The third suggestion is more immediately promising:
- Third-party support: Mentorship or contracting with third-party support organizations with expertise in retirement and financial planning is an invaluable resource to people who run childcare and early education centers. If these business owners and administrators can form partnerships to either outsource some of these tasks or learn to complete them more efficiently themselves, they can focus on the things that they are passionate about and devote their time to the children who need their attention.
The Shared Services group at the United Way of Massachusetts Bay currently offers support in the form of educational workshops on retirement planning. Two workshops (hosted in English and Spanish) garnered almost 200 family childcare providers, proving there is strong interest in these resources.
Weber added, “Our business coursework focuses specifically on the unique family childcare business model and how to maximize income despite the business model challenges. This serves as a baseline of knowledge that they can then build upon to explore other wealth building opportunities such as retirement.”
The Shared Services group currently offers additional programs and workshops for workforce development, well as business and marketing training.
Retirement offerings for educators in the community
Larger organizations tend to be in a better position to offer retirement benefits. The Guild of St. Agnes, a childcare center that serves over 2.000 children across eight centers and 135 childcare providers, prioritizes retirement benefits even in the leanest of years.
“Knowing that teachers, especially early education and care teachers, are not paid what they truly deserve, we are committed to ensuring their retirement savings are fully integrated into their compensation,” shared Sharon McDonald, President and CEO of The Guild of St. Agnes.
Their offering includes a 401K with an additional 100% match up to 4% of employee contributions. Recently, thanks to additional state funding through the Commonwealth Cares for Children grants, they are now able to match 250%, meaning that if an employee contributes 4% to their 401(k), The Guild will contribute 10% of their salary as well. They also provide their employees with access to financial consulting so that they have assistance to plan ahead for their own futures and retirement.
In contrast, small providers struggle with both the cost and knowledge of how to save for retirement.
Liz Sheehan Castro, a family Director of the MA Childcare Training Fund, shared valuable insight about the struggles that family childcare providers face, “FCC (Family Childcare) providers have to figure out how to do this mostly on their own, which is daunting, confusing, overwhelming, and sometimes out of reach financially because any ‘profit’ over the cost is going to support their household or to fund improvements in their program (materials, supplies, upgrades).”

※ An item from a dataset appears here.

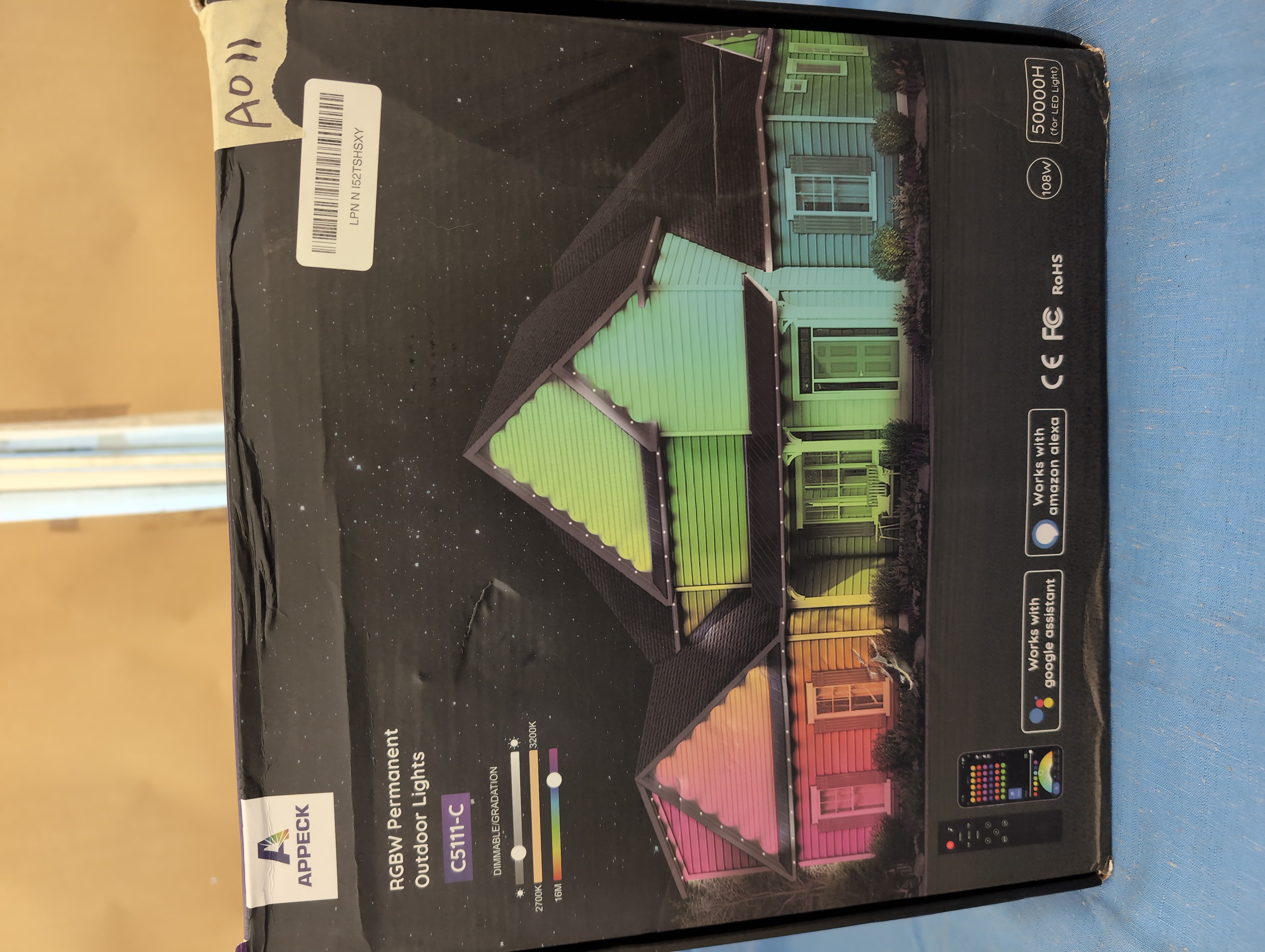 A011 APPECK Permanent Outdoor Lights 300ft with 216 LED Lights, 108W Smart RGBW Eaves Lights, DC 36V, 40LM, IP67 Waterproof String Lights for Halloween Christmas Decor, Compatible with Alexa, White
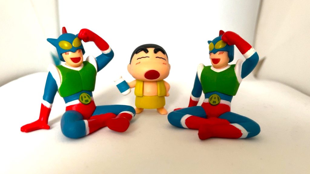 並べてみると、しんちゃんが大好きなアクション仮面(×2)と一緒にお風呂に入ったあとような光景になりました。

Castro added, “I would like to see them have the ability to opt into a plan that is hosted somewhere, and ideally with a match.”
Dione Santos agreed, “More accessibility with information and help to support us to have a retirement plan.”
The United Way of Mass Bay may have a promising solution, “[We] are currently seeking funding for an innovative incentive program piloting the use of matched savings to spark sound investing for retirement by family childcare educators/entrepreneurs in Boston,” said Weber. “A matched savings program focused on the fundamentals of investing for retirement will provide opportunities to learn, build and invest through a comprehensive program that provides knowledge that is safe and sound, access to low-cost products and the financial resources to start the process.”